* [What this task involves] Only the lines from the one containing "Men's Retro Patriotic" through the last line below should be written out, exactly and with both ends kept.

* [Data section]
========================================================================

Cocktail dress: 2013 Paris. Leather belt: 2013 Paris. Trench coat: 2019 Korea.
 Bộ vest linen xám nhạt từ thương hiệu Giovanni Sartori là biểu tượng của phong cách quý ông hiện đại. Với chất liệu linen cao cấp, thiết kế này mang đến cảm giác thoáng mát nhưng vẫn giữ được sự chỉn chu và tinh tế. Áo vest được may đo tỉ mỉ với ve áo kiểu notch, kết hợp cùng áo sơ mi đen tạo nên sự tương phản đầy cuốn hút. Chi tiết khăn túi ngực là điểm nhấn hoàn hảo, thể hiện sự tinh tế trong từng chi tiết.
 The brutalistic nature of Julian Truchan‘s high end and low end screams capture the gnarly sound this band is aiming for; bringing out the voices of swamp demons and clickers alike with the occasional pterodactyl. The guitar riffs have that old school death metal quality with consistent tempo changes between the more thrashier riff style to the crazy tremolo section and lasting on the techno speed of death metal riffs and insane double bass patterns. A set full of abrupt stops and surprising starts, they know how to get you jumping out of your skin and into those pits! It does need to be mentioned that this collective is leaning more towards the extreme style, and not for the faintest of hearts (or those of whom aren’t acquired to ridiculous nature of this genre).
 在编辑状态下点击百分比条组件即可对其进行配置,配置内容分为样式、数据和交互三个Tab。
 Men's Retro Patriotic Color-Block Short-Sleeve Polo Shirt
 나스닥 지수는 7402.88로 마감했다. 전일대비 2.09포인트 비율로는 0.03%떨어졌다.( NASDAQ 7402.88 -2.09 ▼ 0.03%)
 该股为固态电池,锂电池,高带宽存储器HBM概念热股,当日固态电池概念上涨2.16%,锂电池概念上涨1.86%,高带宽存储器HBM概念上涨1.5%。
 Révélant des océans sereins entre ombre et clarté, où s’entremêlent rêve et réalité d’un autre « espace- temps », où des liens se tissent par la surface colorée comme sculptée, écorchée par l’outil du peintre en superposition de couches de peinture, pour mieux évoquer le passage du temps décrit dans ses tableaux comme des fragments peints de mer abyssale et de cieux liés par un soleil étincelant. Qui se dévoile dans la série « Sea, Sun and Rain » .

========================================================================

* [Solved exercise]
 Men's Retro Patriotic Color-Block Short-Sleeve Polo Shirt
 나스닥 지수는 7402.88로 마감했다. 전일대비 2.09포인트 비율로는 0.03%떨어졌다.( NASDAQ 7402.88 -2.09 ▼ 0.03%)
 该股为固态电池,锂电池,高带宽存储器HBM概念热股,当日固态电池概念上涨2.16%,锂电池概念上涨1.86%,高带宽存储器HBM概念上涨1.5%。
 Révélant des océans sereins entre ombre et clarté, où s’entremêlent rêve et réalité d’un autre « espace- temps », où des liens se tissent par la surface colorée comme sculptée, écorchée par l’outil du peintre en superposition de couches de peinture, pour mieux évoquer le passage du temps décrit dans ses tableaux comme des fragments peints de mer abyssale et de cieux liés par un soleil étincelant. Qui se dévoile dans la série « Sea, Sun and Rain » .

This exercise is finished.